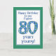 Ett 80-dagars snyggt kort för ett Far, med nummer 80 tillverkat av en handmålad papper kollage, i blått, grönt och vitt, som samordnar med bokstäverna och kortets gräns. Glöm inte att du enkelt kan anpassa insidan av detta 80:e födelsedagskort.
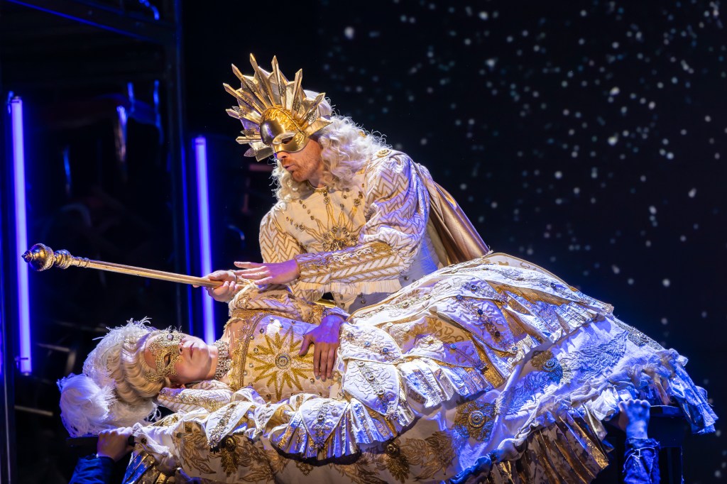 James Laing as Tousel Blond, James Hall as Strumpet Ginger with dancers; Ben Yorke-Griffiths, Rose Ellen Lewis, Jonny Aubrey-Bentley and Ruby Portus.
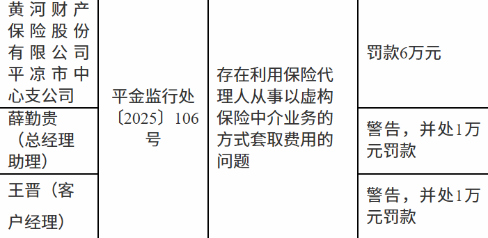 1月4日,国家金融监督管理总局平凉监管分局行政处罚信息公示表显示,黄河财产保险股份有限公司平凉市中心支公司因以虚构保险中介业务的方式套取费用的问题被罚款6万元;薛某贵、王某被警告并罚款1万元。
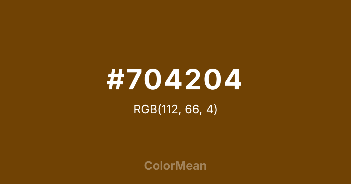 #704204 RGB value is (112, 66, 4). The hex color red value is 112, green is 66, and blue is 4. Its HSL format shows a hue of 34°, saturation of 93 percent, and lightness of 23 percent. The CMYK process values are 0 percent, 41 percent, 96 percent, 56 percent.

________________________

§ ACTIVITY: Quote the data above in full, leaving out the pictures it holds.

§ EXERCISE OUTPUT:
 Ett 80-dagars snyggt kort för ett Far, med nummer 80 tillverkat av en handmålad papper kollage, i blått, grönt och vitt, som samordnar med bokstäverna och kortets gräns. Glöm inte att du enkelt kan anpassa insidan av detta 80:e födelsedagskort.
 James Laing as Tousel Blond, James Hall as Strumpet Ginger with dancers; Ben Yorke-Griffiths, Rose Ellen Lewis, Jonny Aubrey-Bentley and Ruby Portus.
 1月4日,国家金融监督管理总局平凉监管分局行政处罚信息公示表显示,黄河财产保险股份有限公司平凉市中心支公司因以虚构保险中介业务的方式套取费用的问题被罚款6万元;薛某贵、王某被警告并罚款1万元。
 #704204 RGB value is (112, 66, 4). The hex color red value is 112, green is 66, and blue is 4. Its HSL format shows a hue of 34°, saturation of 93 percent, and lightness of 23 percent. The CMYK process values are 0 percent, 41 percent, 96 percent, 56 percent.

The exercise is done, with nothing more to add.